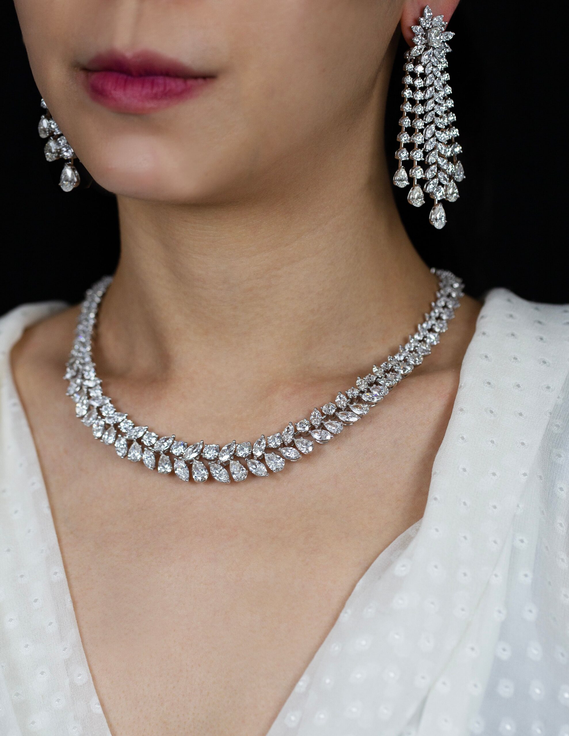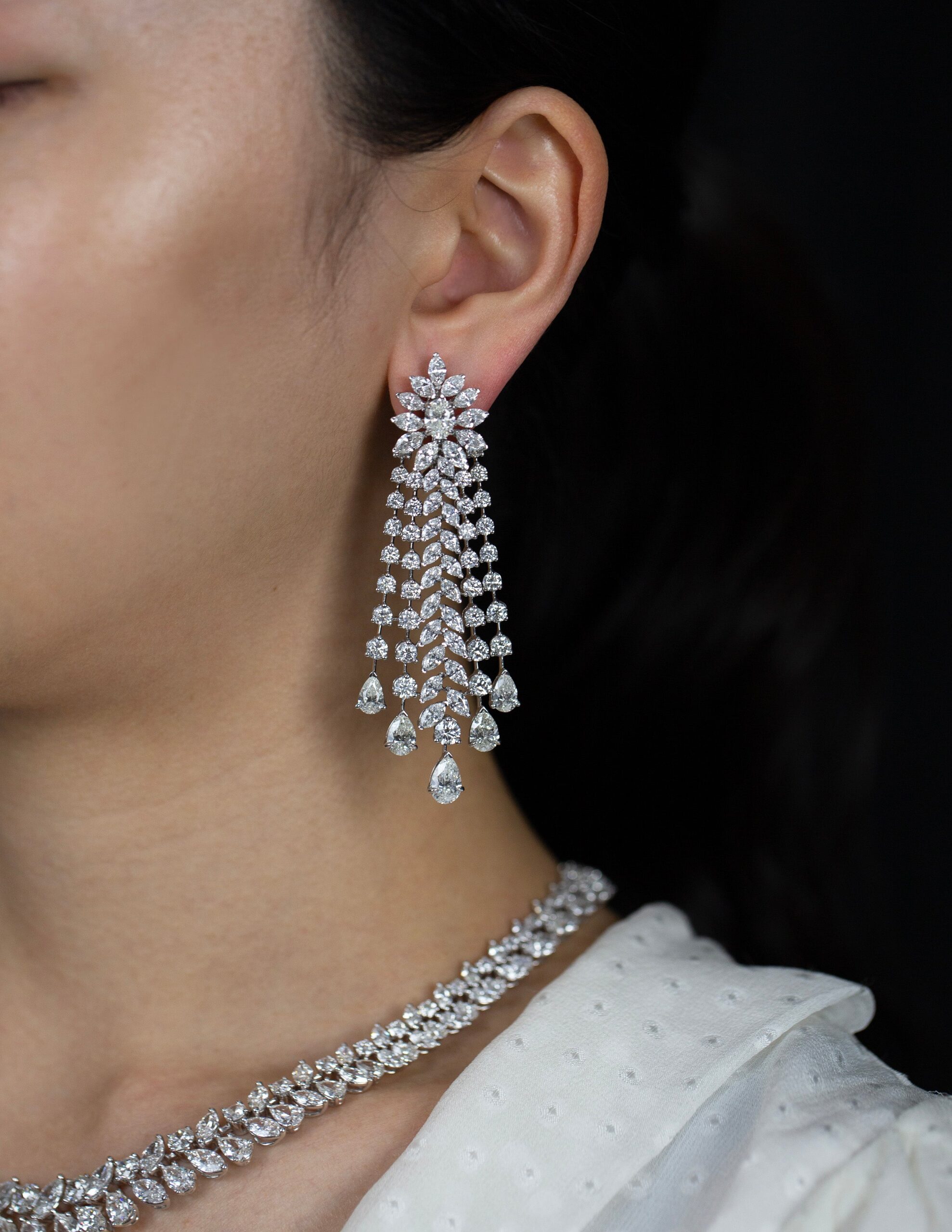 27.01 Carats Total Mixed-Cut Diamond Chandelier Drop Earrings in White Gold
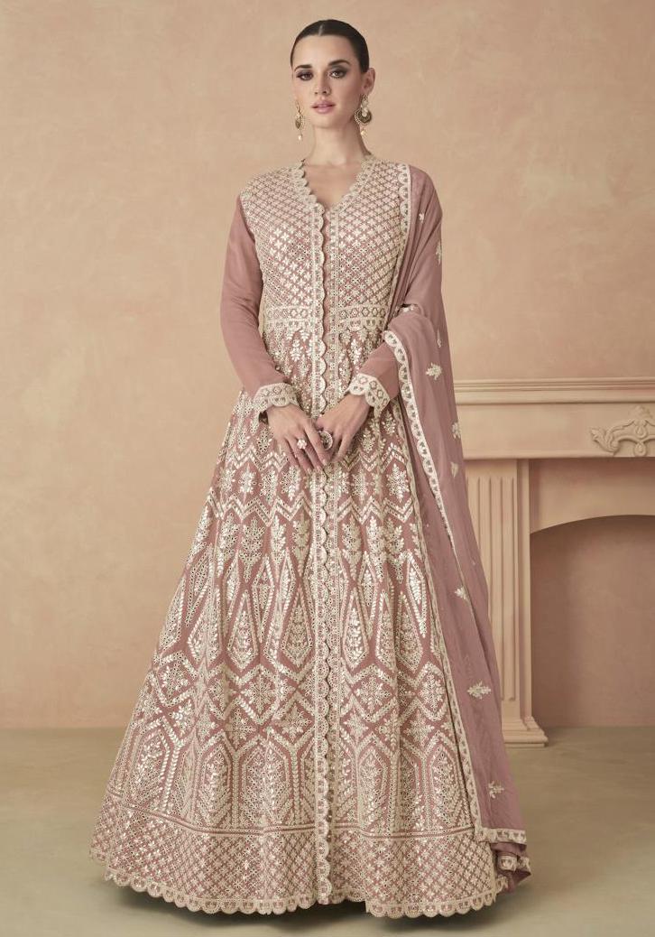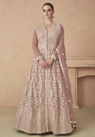 Buy Bewitching Georgette Rosy Brown Anarkali Salwar Kameez online.
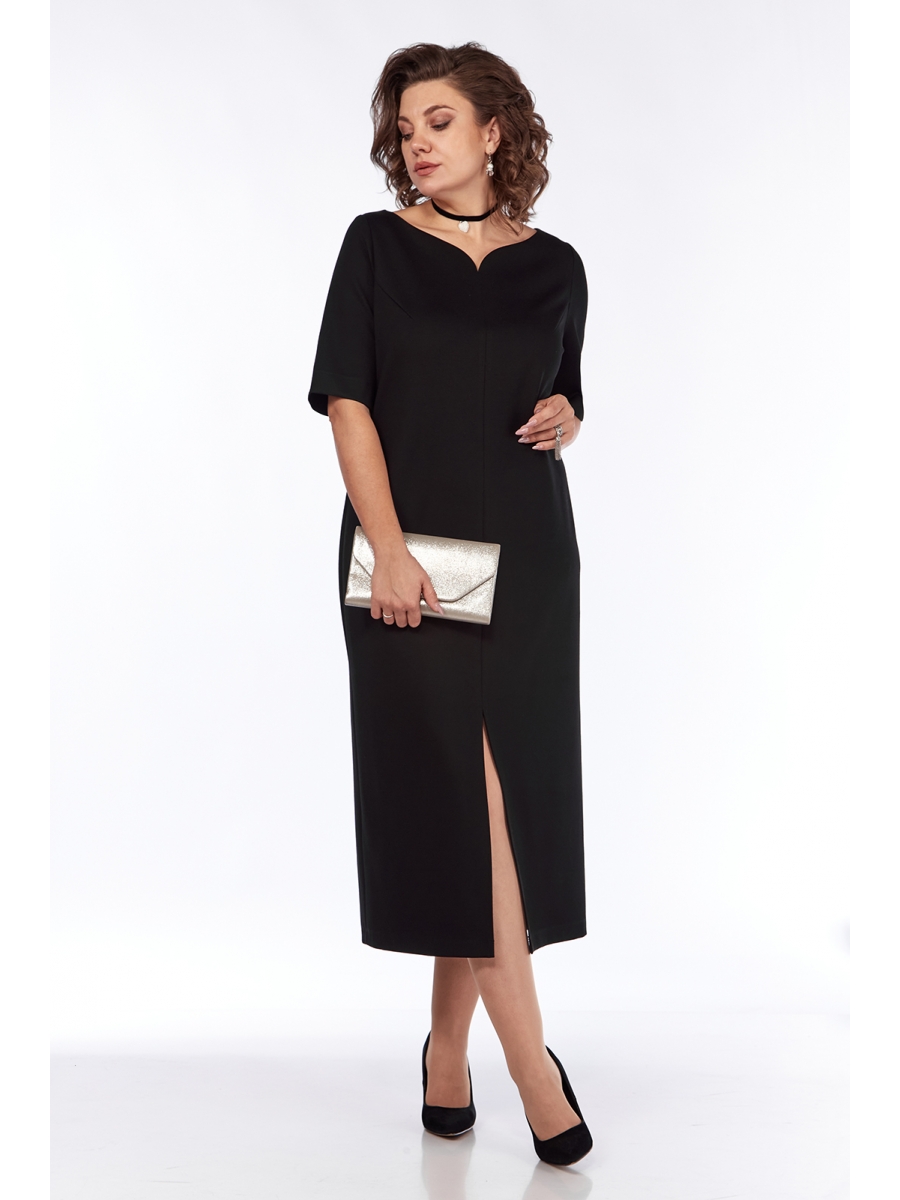 Платье женское, нарядное, полуприлегающего силуэта выполнено из фактурного трикотажного полотна премиум-класса. Горловина фигурной формы. Перед с нагрудными вытачками и средним швом в котором обработан разрез. Спинка со средним швом. Рукава втачные, одношовные с небольшим разрезом по шву.

═══

PROBLEM. Output each line above exactly. Skip the images.

ANSWER BOX.
 27.01 Carats Total Mixed-Cut Diamond Chandelier Drop Earrings in White Gold
 Buy Bewitching Georgette Rosy Brown Anarkali Salwar Kameez online.
 Платье женское, нарядное, полуприлегающего силуэта выполнено из фактурного трикотажного полотна премиум-класса. Горловина фигурной формы. Перед с нагрудными вытачками и средним швом в котором обработан разрез. Спинка со средним швом. Рукава втачные, одношовные с небольшим разрезом по шву.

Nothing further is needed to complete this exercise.